Repeat nothing but the lines below running from the one containing "Manrose Continuum Series" to the one containing "Elevate your everyday". Keep both end lines.

__DATA IN THIS EXERCISE__
-=-=-=-=-
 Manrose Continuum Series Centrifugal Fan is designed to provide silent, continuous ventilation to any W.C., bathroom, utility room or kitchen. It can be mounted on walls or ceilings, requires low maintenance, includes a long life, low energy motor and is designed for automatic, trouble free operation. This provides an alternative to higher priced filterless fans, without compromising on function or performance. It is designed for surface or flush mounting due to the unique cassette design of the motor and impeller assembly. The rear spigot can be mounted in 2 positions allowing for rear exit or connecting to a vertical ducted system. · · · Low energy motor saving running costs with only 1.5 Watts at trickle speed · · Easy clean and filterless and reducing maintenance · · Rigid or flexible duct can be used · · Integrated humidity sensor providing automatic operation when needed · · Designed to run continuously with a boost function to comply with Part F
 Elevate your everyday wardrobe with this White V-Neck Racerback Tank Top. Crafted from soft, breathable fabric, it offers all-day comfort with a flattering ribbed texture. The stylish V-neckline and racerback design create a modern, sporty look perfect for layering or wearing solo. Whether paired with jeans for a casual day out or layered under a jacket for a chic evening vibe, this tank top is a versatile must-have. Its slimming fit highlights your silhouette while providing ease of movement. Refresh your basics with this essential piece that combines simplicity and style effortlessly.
-=-=-=-=-
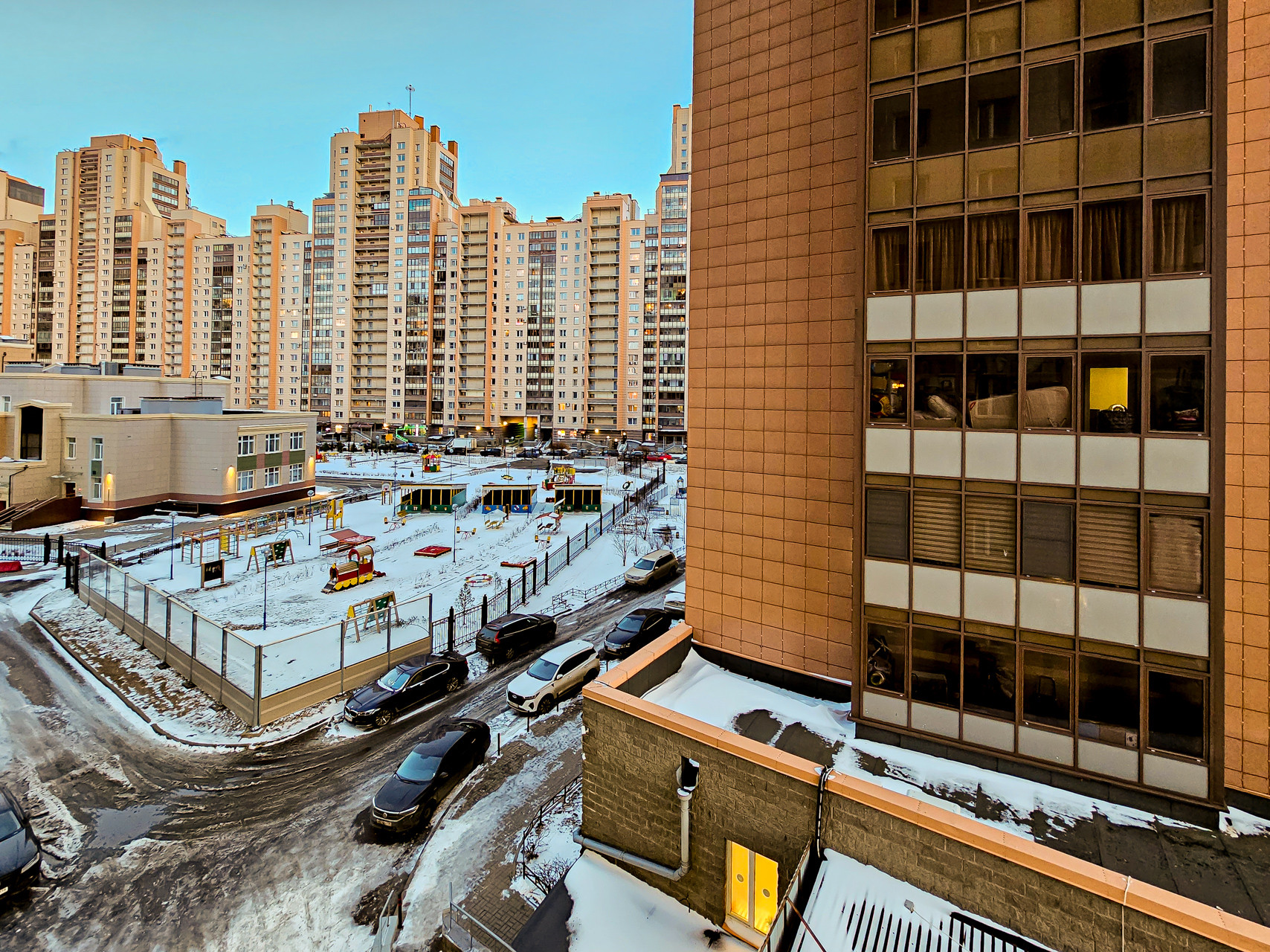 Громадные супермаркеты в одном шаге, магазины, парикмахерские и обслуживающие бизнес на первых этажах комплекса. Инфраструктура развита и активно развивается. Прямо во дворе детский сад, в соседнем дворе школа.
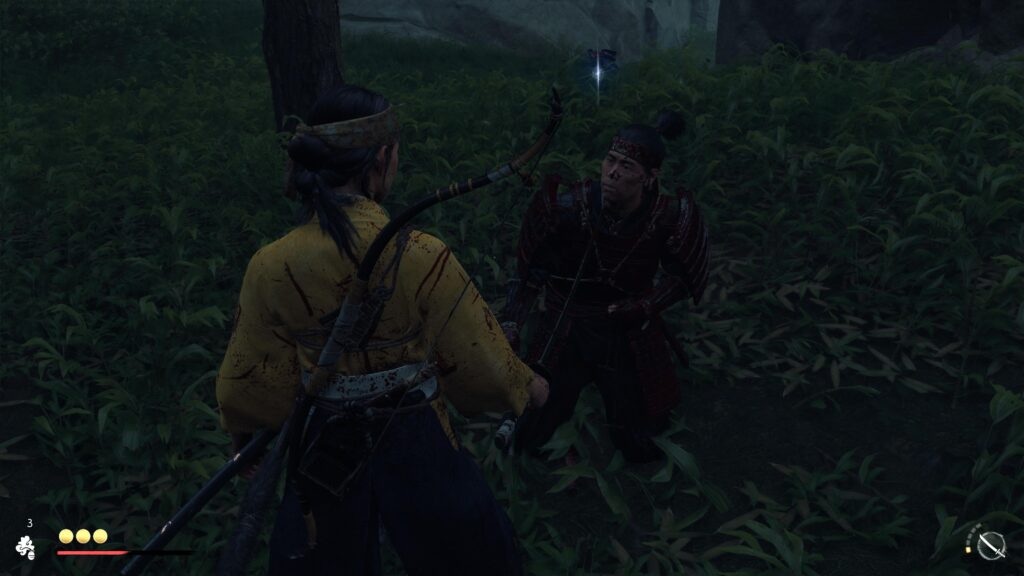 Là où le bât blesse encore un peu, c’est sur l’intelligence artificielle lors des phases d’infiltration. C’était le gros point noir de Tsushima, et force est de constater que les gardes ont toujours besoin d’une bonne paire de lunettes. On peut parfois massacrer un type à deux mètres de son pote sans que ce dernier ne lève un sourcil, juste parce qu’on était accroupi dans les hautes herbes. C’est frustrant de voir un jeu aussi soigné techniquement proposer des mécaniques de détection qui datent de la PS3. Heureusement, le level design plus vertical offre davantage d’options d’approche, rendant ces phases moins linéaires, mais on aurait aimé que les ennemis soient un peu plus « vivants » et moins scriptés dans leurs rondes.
-=-=-=-=-
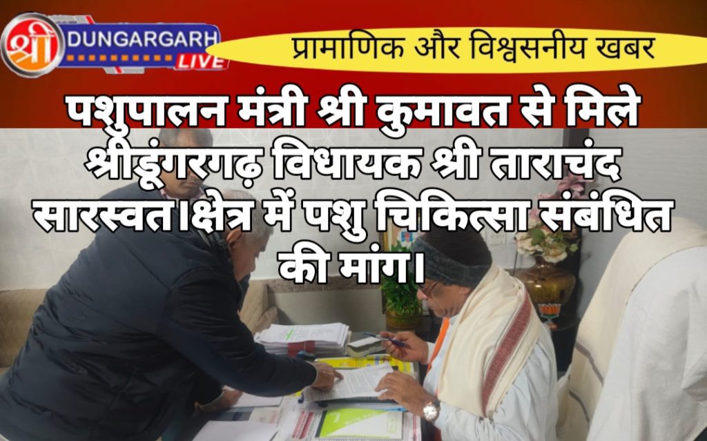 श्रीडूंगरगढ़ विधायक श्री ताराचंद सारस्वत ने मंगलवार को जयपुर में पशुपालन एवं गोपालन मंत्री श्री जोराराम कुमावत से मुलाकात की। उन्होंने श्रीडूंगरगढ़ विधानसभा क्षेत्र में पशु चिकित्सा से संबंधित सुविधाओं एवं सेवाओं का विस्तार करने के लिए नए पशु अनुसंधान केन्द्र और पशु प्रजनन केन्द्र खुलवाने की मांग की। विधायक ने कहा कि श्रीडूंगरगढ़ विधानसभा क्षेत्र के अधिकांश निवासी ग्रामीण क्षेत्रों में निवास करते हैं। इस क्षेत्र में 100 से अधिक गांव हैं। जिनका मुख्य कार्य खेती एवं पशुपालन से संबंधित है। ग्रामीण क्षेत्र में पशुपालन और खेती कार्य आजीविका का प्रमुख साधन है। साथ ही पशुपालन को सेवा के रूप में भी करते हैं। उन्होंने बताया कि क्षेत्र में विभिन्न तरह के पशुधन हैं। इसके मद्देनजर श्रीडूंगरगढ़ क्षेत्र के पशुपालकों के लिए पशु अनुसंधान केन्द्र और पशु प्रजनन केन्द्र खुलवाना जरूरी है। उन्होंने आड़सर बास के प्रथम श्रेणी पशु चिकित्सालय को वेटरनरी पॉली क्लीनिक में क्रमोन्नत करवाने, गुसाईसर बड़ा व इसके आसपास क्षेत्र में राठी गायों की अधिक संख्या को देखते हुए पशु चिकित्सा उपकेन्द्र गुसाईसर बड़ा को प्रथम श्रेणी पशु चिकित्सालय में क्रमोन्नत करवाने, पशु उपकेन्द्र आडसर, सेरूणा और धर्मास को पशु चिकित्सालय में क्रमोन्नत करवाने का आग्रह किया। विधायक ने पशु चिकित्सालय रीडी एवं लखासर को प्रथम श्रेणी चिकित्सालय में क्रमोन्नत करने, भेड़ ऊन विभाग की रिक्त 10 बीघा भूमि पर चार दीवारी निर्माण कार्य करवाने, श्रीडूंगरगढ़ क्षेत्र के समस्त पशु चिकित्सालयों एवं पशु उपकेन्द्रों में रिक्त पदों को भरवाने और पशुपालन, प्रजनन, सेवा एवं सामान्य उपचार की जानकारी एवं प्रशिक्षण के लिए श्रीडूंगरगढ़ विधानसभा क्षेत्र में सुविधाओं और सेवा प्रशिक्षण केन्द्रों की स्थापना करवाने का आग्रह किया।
-=-=-=-=-
__RESULT OF THIS EXERCISE__
 Manrose Continuum Series Centrifugal Fan is designed to provide silent, continuous ventilation to any W.C., bathroom, utility room or kitchen. It can be mounted on walls or ceilings, requires low maintenance, includes a long life, low energy motor and is designed for automatic, trouble free operation. This provides an alternative to higher priced filterless fans, without compromising on function or performance. It is designed for surface or flush mounting due to the unique cassette design of the motor and impeller assembly. The rear spigot can be mounted in 2 positions allowing for rear exit or connecting to a vertical ducted system. · · · Low energy motor saving running costs with only 1.5 Watts at trickle speed · · Easy clean and filterless and reducing maintenance · · Rigid or flexible duct can be used · · Integrated humidity sensor providing automatic operation when needed · · Designed to run continuously with a boost function to comply with Part F
 Elevate your everyday wardrobe with this White V-Neck Racerback Tank Top. Crafted from soft, breathable fabric, it offers all-day comfort with a flattering ribbed texture. The stylish V-neckline and racerback design create a modern, sporty look perfect for layering or wearing solo. Whether paired with jeans for a casual day out or layered under a jacket for a chic evening vibe, this tank top is a versatile must-have. Its slimming fit highlights your silhouette while providing ease of movement. Refresh your basics with this essential piece that combines simplicity and style effortlessly.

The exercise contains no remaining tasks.